The municipality has a growth rate of one percent. Its population has grown from 2,613 inhabitants in 1995 to 2,705 in 2005. Most residents are Catholic with some belonging to Evangelical churches. In 2005, INEGI counted only seven people in the municipality as speaking an indigenous language, all men. The languages were Otomi and Tzetal.

The area is very rural with 558 housing units (2005), mostly adobe houses with tile roofs, with some of cinderblock. Basic services such as potable water, electricity and garbage collection is available to between 70 and 90 percent of residents. It contains one sports facility with a soccer field, baseball field and two basketball courts.

The municipality is located near the major highway between Toluca and Morelia. It is also connected to Ciudad Hidalgo and Maravatío on State Highway 122. Another road links it with Angangueo. It is served by second class inter-city busses.

==History==
The name comes from the Chichimeca word hapu or hapur which means place of ashes. The municipality has its own coat of arms, divided into five parts, one of which is in the center.
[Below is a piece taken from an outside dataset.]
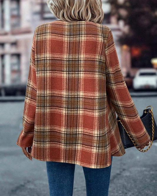 Giacca da abito monopetto a quadri con risvolto casual da donna
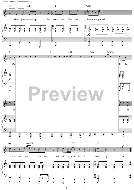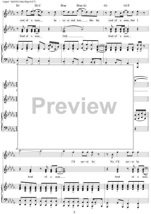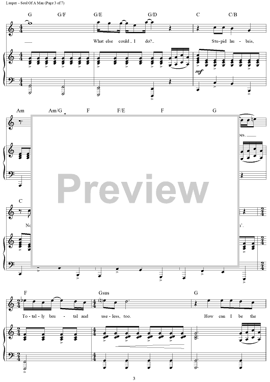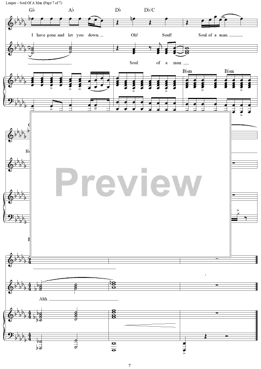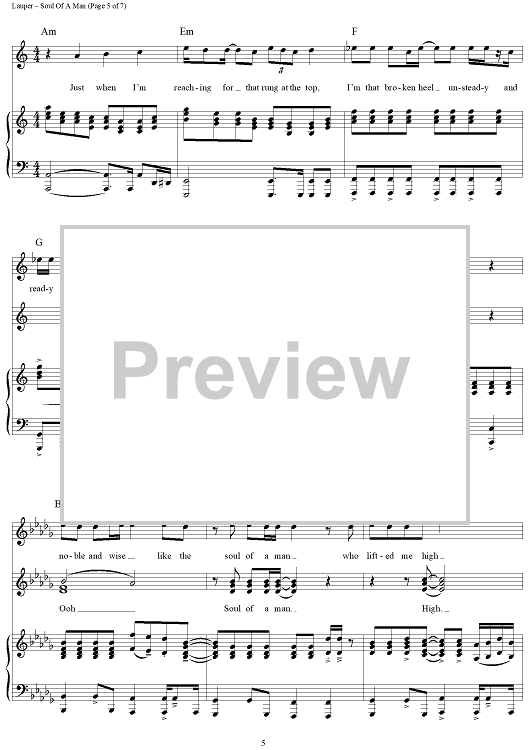 Digital Sheet Music for Soul Of A Man by Cyndi Lauper, Stephen Oremus scored for Piano/Vocal/Chords; id:436615

These panels include images of Saint Luke, the patron saint, corn, mining and maguey. The last three refer to the area’s basic economic staples from the pre Hispanic period to the present. At the bottom the words “Lugar de Cenizas” which is the translation of the Chichimeca name in Spanish.

The municipal seat traces its origins to the pre Hispanic period. It was originally inhabited by the Otomi, but it was then conquered by the Purépecha Empire. Soon after the Spanish conquest of the Aztec Empire, the Spanish soon took over Purépecha lands. Aporo then became part of an encomienda headed by González de Salazar called Taximaroa.

The Spanish settlement was officially founded in 1540 by decree of the Spanish king with the name of San Lucas Aporo. This recognition was for the help of the local Otomi in the Conquest. The Spanish founders are named as two friars, Francisco Motolina and Lino Montes y Zuiza. Evangelization efforts in the area were headed by Martín de la Coruña.

The first train passed through the municipality in 1890. It was struck by a smallpox epidemic in 1911. After Independence, Aporo was part of the municipality of Irimbo. However, administrative and religious conflicts eventually caused the creation of a new municipality in 1921 encompassing the Chupio Valley. The first municipal president was C. Celestino Velazquez. Three years later, the seat lost its status and the area became part of the Senguio municipality. Its final status as an independent municipality was set by state decree in 1927, with its current boundaries. Since then, Aporo has had over sixty municipal presidents.